The easy answer, and the very Jewish one, is “yes, but…” That is, yes this is a violation of freedom of speech. But one argument that I make with a very thoughtful friend who raised the issue is that context is everything.
For example, according to the famous 1919 case Schenk v. United States, the courts here ruled that one does not have the right to enter a crowded theater and shout “fire”. However, one can scream “fire” as much as he or she wants out on the streets (and likely look like an idiot with no consequence other than what other people will think about you).
Similarly, one cannot deny the Holocaust in Germany – or even sell Nazi paraphernalia – because of the context of venue.
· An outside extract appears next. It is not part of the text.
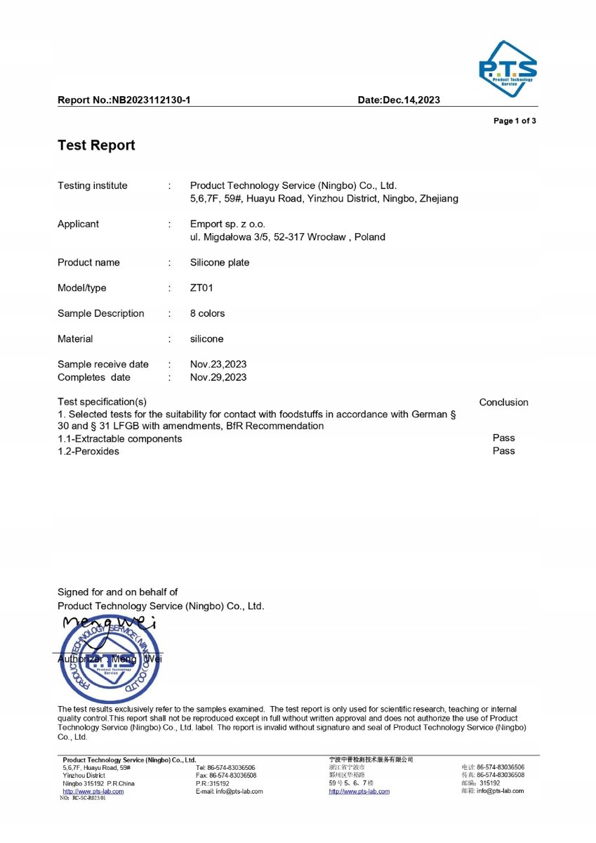 PRODUKT POSIADA CERTYFIKAT DO KONTAKTU Z ŻYWNOŚCIĄ ORAZ ŚWIADECTWO SANEPIDU DOPUSZCZENIA NA RYNEK POLSKI ORAZ UNII EUROPEJSKIEJ.

That’s because we know where such actions could (and did) lead. One, however, can sell Nazi items all over the United States (been to a flea market lately?) because a massive, extended genocidal campaign did not turn an entire society (and continent) into those who abetted humanity’s most documented crime, or at a minimum were passive bystanders. (A few heroes aside, the Shoah was a massive failure of everyone at every level.)
The interesting question is how such laws will hold up in Germany the coming decades. When the great-grandchildren of former Nazis and Holocaust survivors rise to positions of power in 20-30 years, will they seek to change it as something now outdated?
(Please share your thoughts to this ethical dilemma. If reading this via e-mail, click this web version and go to “comments” at the end. http://blogs.jewishtimes.com/index.php/jewishtimes/neilrubin/screaming_for_nazis/ . Otherwise, click on “comments.”)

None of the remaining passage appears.